Earlier this month, President Joe Biden declared the COVID-19 pandemic over.
But many experts say COVID-19 still isn’t just another seasonal respiratory virus and, even if it were, it would be hard to manage when people are struggling to get, and pay for, vaccines.
Dr. Ashish Jha, former White House COVID-19 response coordinator, says Biden had strategies to ease what he knew would be a rocky shift away from a federal single-payer to private insurance and commercial suppliers.
He declined to list those efforts or say how many had been implemented.
But he emphasized that, no matter what, the country needs something better than a return to normal.
“The goal should not be, ‘Well, let's just go ahead and — we barely could manage RSV and flu, let's just go ahead and throw in COVID and see how it goes,’” said Jha, who is currently dean of the Brown University School of Public Health. “It's not going to go well.”

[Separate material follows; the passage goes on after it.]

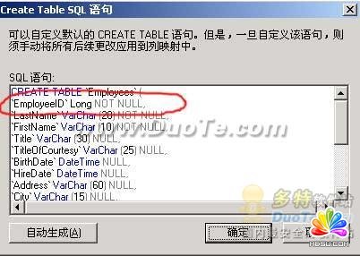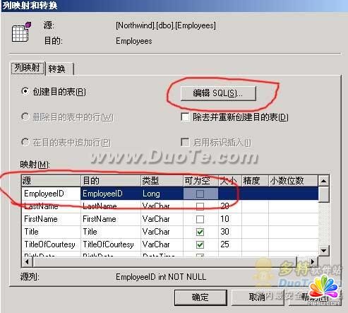 6.我們回看到一個“列映射和轉換”對話框。有注意到自增的employeeid int 自增這里變成了Access里的long這肯定不對,long并不是自動編號,只好修改建表腳本,圖片上那個紅圈里的按鈕“編輯SQL”。

As examples, he cited systemic inequities, overcrowded hospitals during the holidays and the tens of thousands who die each year — often needlessly — from flu.
“There is a series of strategies that we should be deploying for respiratory viruses during respiratory season that should lead us to a new normal where the infection numbers — and, more importantly, the death numbers — are dramatically lower,” Jha said.
Beyond vaccines and treatments, he said the country needs to improve indoor air quality and return to pandemic-level deep cleaning and handwashing to combat flu and RSV.